President Donald Trump says that the United States will deal with North Korea “very successfully” after Pyongyang’s warning of a “Christmas gift.”
North Korea has promised a possible "Christmas surprise" missile test if the US does not come to the negotiating table, noting it would not give in to Washington’s pressure since it already has “nothing to lose.”
Pyongyang said the US was dragging out denuclearization negotiations ahead of Trump’s re-election bid next year, noting it was “entirely up to the US what Christmas gift it will select to get.”
While US military commanders believe the North’s response could involve the testing of a long-range missile, Trump brushed off the warning, saying maybe the surprise is a “nice present.”
“We’ll find out what the surprise is and we’ll deal with it very successfully,” Trump told reporters at his Mar-a-Lago resort on Tuesday. “We’ll see what happens.”
"Maybe it's a present where he sends me a beautiful vase as opposed to a missile test," Trump said. “I may get a nice present from him. You don't know. You never know.”
Meanwhile, US Secretary of Defense Mark Esper said at a press conference Friday that the United States was ready “to fight tonight.”
General Mark Milley, who was next to Esper, also said, the US alliance with Japan and South Korea was “prepared to defend the interests of the United States, Japan and South Korea at a moment's notice."
Milley, the chairman of the Joint Chiefs of Staff, went on to say that “Korea is one of those places in the world where we’ve always maintained high levels of readiness.”
Meanwhile, China called on the United States Tuesday to take immediate action with regard to the implementation of agreements reached with North Korea during last year's summit in Singapore.
"China calls on US to take concrete steps asap to deliver what has been agreed in Singapore. We encourage DPRK & US to work out a feasible roadmap for establishing a permanent peace regime & realizing complete denuclearization on the Peninsula," Chinese Foreign Minister Wang Yi told the People's Daily in comments relayed on Twitter by the foreign ministry.
The negotiations between Washington and Pyongyang have been largely stalled since the collapse of a February summit in Hanoi between Trump and North Korean leader Kim Jong-un.
Kim and Trump have already held two official meetings on the denuclearization of the Korean Peninsula.
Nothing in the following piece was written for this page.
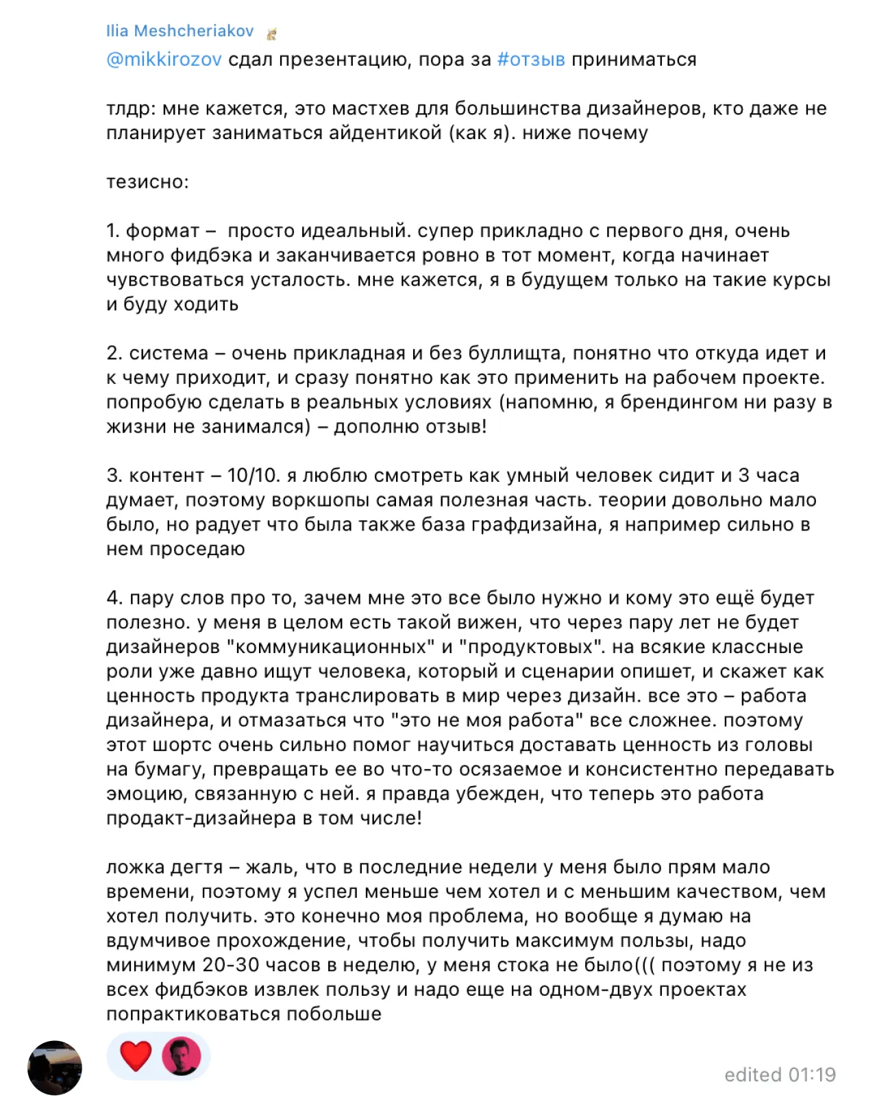 В ближайшее время на указанную почту вам придёт доступ к видео с полной версией фидбэка

However, their first meeting, the Singapore Summit held in June 2018, concluded with a broadly-worded agreement, and the second one, the Hanoi Summit, held in February, collapsed without an agreement.
The North has been under multiple rounds of harsh sanctions by the UN and the US over its nuclear and missile programs.
Last week, China and Russia proposed the UN Security Council lift some sanctions to break the current deadlock.
A US State Department official, however, responded by saying it was not the time to consider such an action when North Korea was “threatening to conduct an escalated provocation, refusing to meet to discuss denuclearization, and continuing to maintain and advance its prohibited weapons of mass destruction and ballistic missile programs.”
Despite the sanctions, Pyongyang has taken several unilateral steps to show its goodwill, including demolishing at least one nuclear test site and agreeing to allow international inspectors into a missile engine test facility.